Exerpt from “Dissonance”
“You know he’s not getting any better, right?” Amy leaned forward onto the table with crossed arms. Her brother, Wallace, sat blank faced across from her. Their coffees were still warm, steam rising from the cups next to them.
“What kind of a question is that?” He said, his hands under the table. His thumb nail was slowly eviscerating the cuticle on his index finger. “I’m not a child. I know what stage 4 means.”
“Wally. Come on,” she said, her tone softening. “I know you know what’s going on.” A deep sigh, a glance at her hands. “I- I just want you to take this seriously. Because, you know, we may not have that much time left to-”
Wallace pulled his hand up and rested it on hers as her voice wavered. She closed her eyes and took another deep breath. A few tears that had welled up in her eyes dropped onto her sweater, forming little dark circles. “He doesn’t deserve much more from us, but he is still our grandfather,” she said quietly to the table.
They both fell silent for a moment. The waitress, who had just approached and then quickly turned away when she saw Amy’s head hung low, craned her neck around the counter to evaluate the situation. The bell hung by the door clangs and a loud group walked into the coffee shop.
“You’re right,” he said after a while, pulling his hand back and picking up his coffee. “He doesn’t deserve much more from us.”
There was hatred in his voice: true, unrelenting anger. While he sipped his coffee, Amy stared at him silently, not bothering to wipe her face off.
“Are we ready to order?” the waitress appeared with a tense smile. Amy and Wallace didn’t respond for a moment, just staring at each other. The waitress flipped the page of her notebook and tucked a strand of hair behind her ears, turning slightly red from the discomfort.
“We’ll just need another minute,” Amy said, not looking away from Wallace.
“Ok, great! I’ll be back in a bit!” the waitress said and jogged away. He sipped his coffee, thumb and forefinger rubbing together in anxious circles.
“Still not taking care of that anxiety?” she said pointedly. When she felt like this, her face went placid and unreadable. Wallace, like his father, knitted his brow together and chewed his lip and tapped his foot in a nervous rhythm. He tried to compose himself by leaning back in his chair. He might be nervous, but she was changing the subject. She always beat around the bush when she wasn’t telling him something important.
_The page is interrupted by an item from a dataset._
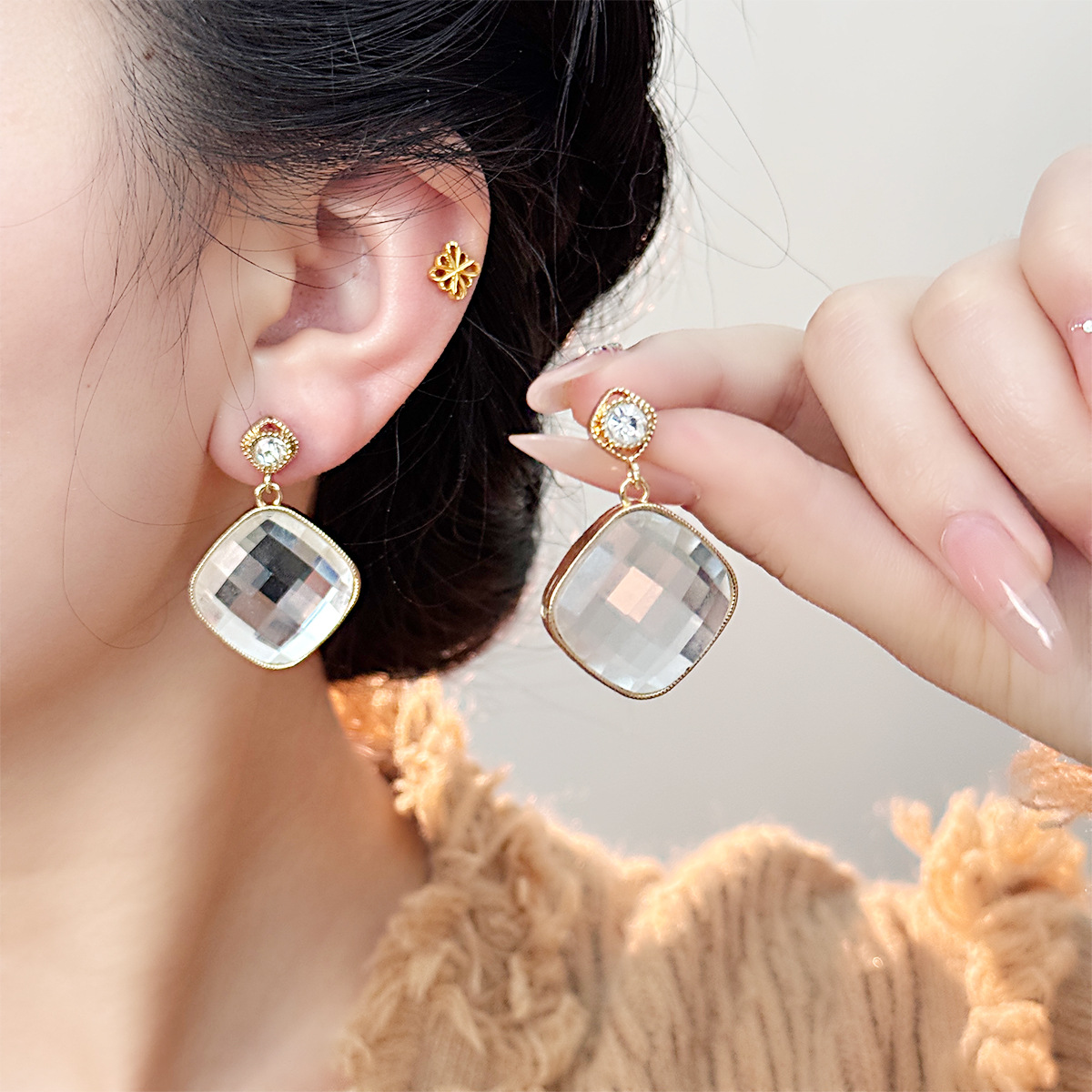 スクエア透明イヤリング韓国風シンプルスクエアイヤリングイヤリング気質シンプルニッチデザインイヤリング

“What else?” He asked her, trying to steel his expression. The light shifted outside the window as a cloud drifted across the sun, and the front door opened, jingling a bell. Amy studied his face, the thick blond hair that curled around his shoulders and dark eyes that gave everything away. The dark circles under his eyes that had been there since childhood had deepened in the past year, presumably because of work. He had told her almost nothing about his personal life in past months, a stark contrast between the days when he would barge into her room without knocking and tell her everything, legs up against the wall and arms gesturing wildly in the air.
“There’s nothing else, Wally,” she said, wiping her face with her sweater sleeve. “If you need something else besides responsibility, I think that’s on you.”
He scoffed and shook his head.
“Responsibility? Family responsibility? Unbelievable.”
Scooting his chair back, he stood and put his hands in his pockets. “I’m not doing this with him, or frankly, with you.”
“Wally-” She started but he was already pushing the chair back in and starting to walk away. “That’s fucking unbelievable,” she mumbled under her breath as she pulled out her wallet to find some cash. The waitress peeked around the corner as Amy threw her scarf around her neck and left $10 on the table. The bell clanged as she slammed the door behind her.